• **Exercise**: Leave out the images and return all the data word for word.

• **Dataset extract**:
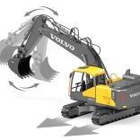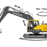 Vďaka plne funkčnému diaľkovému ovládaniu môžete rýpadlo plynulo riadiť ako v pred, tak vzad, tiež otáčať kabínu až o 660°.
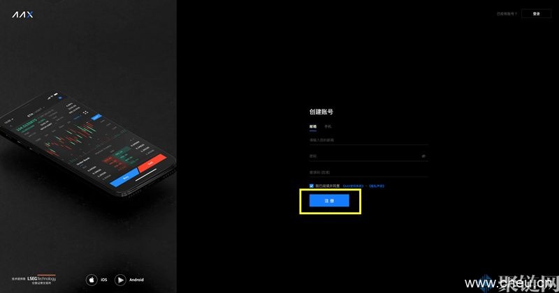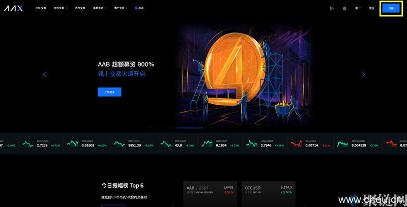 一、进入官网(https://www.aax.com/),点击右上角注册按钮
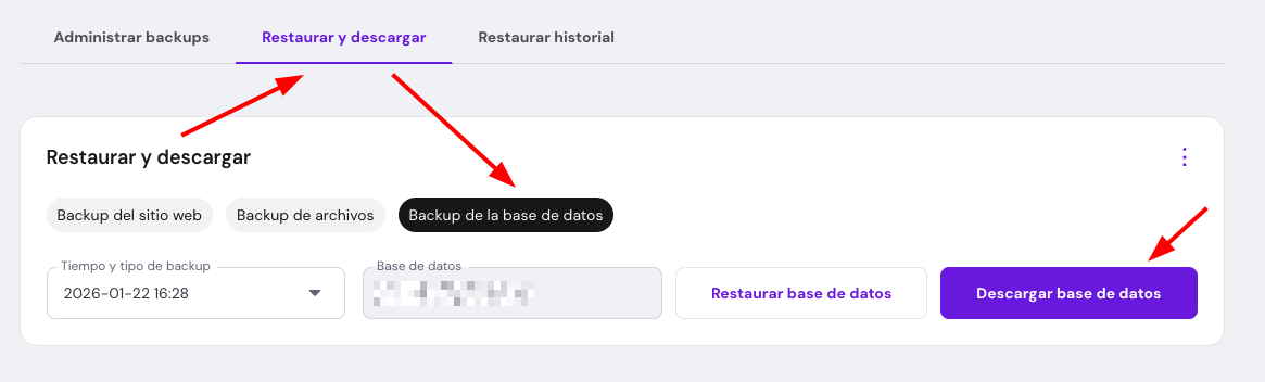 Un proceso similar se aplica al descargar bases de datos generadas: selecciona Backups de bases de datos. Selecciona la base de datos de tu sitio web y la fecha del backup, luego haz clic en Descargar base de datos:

• **Answer box**:
 Vďaka plne funkčnému diaľkovému ovládaniu môžete rýpadlo plynulo riadiť ako v pred, tak vzad, tiež otáčať kabínu až o 660°.
 一、进入官网(https://www.aax.com/),点击右上角注册按钮
 Un proceso similar se aplica al descargar bases de datos generadas: selecciona Backups de bases de datos. Selecciona la base de datos de tu sitio web y la fecha del backup, luego haz clic en Descargar base de datos:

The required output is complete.